GIVEN RECORDS:
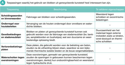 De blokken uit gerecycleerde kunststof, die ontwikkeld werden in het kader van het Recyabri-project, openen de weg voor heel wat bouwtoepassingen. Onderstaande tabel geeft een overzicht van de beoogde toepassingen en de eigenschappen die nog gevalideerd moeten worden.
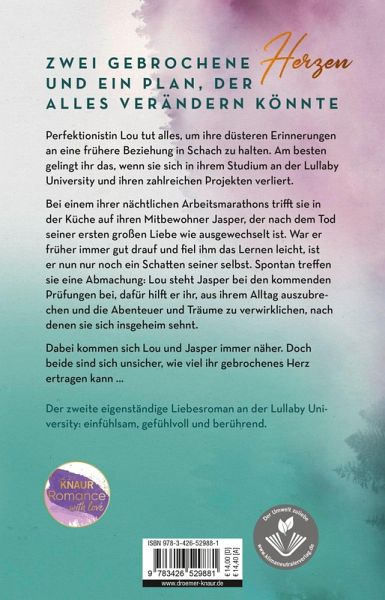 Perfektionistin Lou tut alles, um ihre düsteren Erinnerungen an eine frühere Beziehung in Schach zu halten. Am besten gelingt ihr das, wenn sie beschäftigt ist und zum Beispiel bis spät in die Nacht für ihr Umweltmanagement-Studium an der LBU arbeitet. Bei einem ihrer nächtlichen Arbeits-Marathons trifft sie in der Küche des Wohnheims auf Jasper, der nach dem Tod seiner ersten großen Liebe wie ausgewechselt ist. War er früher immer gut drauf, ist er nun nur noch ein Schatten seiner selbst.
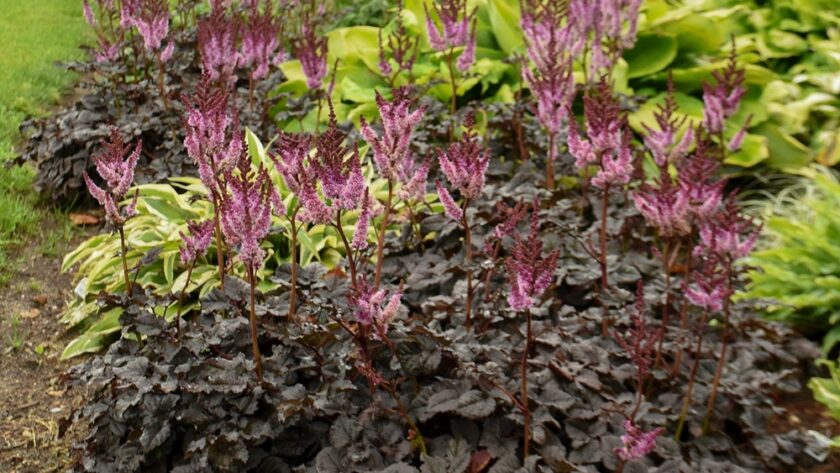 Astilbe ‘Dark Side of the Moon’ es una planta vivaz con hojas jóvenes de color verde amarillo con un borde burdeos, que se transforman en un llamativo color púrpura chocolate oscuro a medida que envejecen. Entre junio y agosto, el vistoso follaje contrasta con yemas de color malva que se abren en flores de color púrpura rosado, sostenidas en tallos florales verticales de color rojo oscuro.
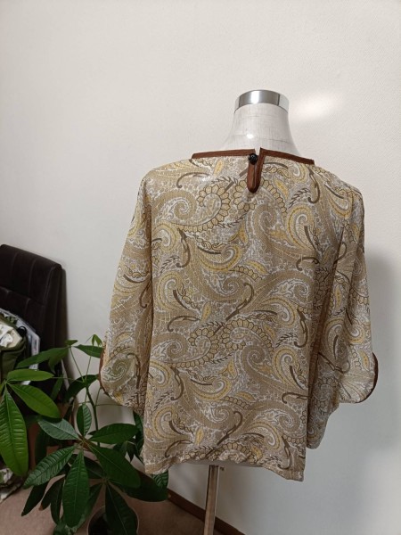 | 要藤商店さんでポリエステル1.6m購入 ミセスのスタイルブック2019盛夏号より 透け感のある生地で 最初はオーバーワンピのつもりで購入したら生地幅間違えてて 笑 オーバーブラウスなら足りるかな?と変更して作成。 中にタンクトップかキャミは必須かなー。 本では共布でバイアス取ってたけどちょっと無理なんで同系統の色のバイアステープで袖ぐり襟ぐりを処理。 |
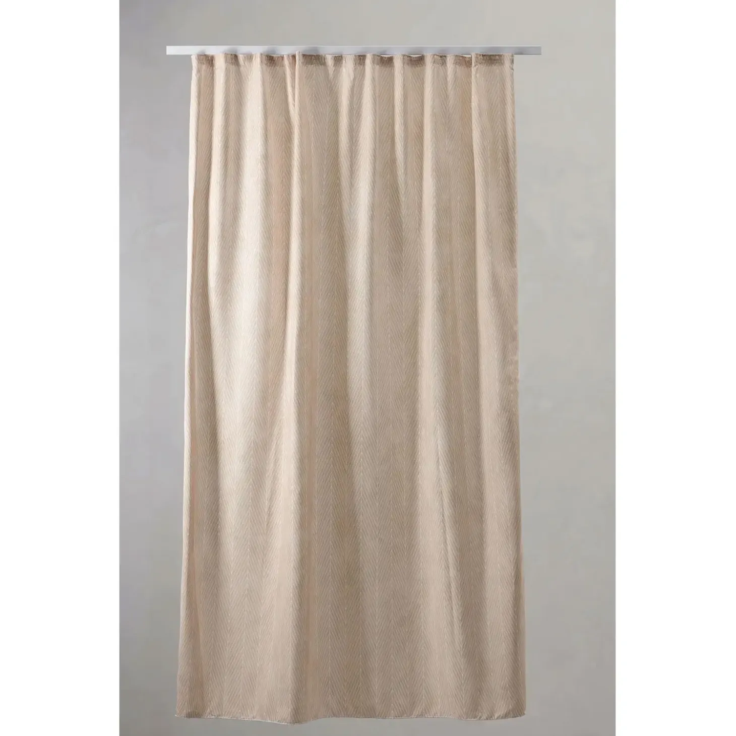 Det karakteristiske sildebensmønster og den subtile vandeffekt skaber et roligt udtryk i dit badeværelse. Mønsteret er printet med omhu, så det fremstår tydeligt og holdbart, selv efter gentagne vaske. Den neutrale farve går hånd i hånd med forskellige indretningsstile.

ABOUT THIS EXERCISE:
Set down the entries above word for word, but drop any image.

ANSWER SECTION:
 De blokken uit gerecycleerde kunststof, die ontwikkeld werden in het kader van het Recyabri-project, openen de weg voor heel wat bouwtoepassingen. Onderstaande tabel geeft een overzicht van de beoogde toepassingen en de eigenschappen die nog gevalideerd moeten worden.
 Perfektionistin Lou tut alles, um ihre düsteren Erinnerungen an eine frühere Beziehung in Schach zu halten. Am besten gelingt ihr das, wenn sie beschäftigt ist und zum Beispiel bis spät in die Nacht für ihr Umweltmanagement-Studium an der LBU arbeitet. Bei einem ihrer nächtlichen Arbeits-Marathons trifft sie in der Küche des Wohnheims auf Jasper, der nach dem Tod seiner ersten großen Liebe wie ausgewechselt ist. War er früher immer gut drauf, ist er nun nur noch ein Schatten seiner selbst.
 Astilbe ‘Dark Side of the Moon’ es una planta vivaz con hojas jóvenes de color verde amarillo con un borde burdeos, que se transforman en un llamativo color púrpura chocolate oscuro a medida que envejecen. Entre junio y agosto, el vistoso follaje contrasta con yemas de color malva que se abren en flores de color púrpura rosado, sostenidas en tallos florales verticales de color rojo oscuro.
 | 要藤商店さんでポリエステル1.6m購入 ミセスのスタイルブック2019盛夏号より 透け感のある生地で 最初はオーバーワンピのつもりで購入したら生地幅間違えてて 笑 オーバーブラウスなら足りるかな?と変更して作成。 中にタンクトップかキャミは必須かなー。 本では共布でバイアス取ってたけどちょっと無理なんで同系統の色のバイアステープで袖ぐり襟ぐりを処理。 |
 Det karakteristiske sildebensmønster og den subtile vandeffekt skaber et roligt udtryk i dit badeværelse. Mønsteret er printet med omhu, så det fremstår tydeligt og holdbart, selv efter gentagne vaske. Den neutrale farve går hånd i hånd med forskellige indretningsstile.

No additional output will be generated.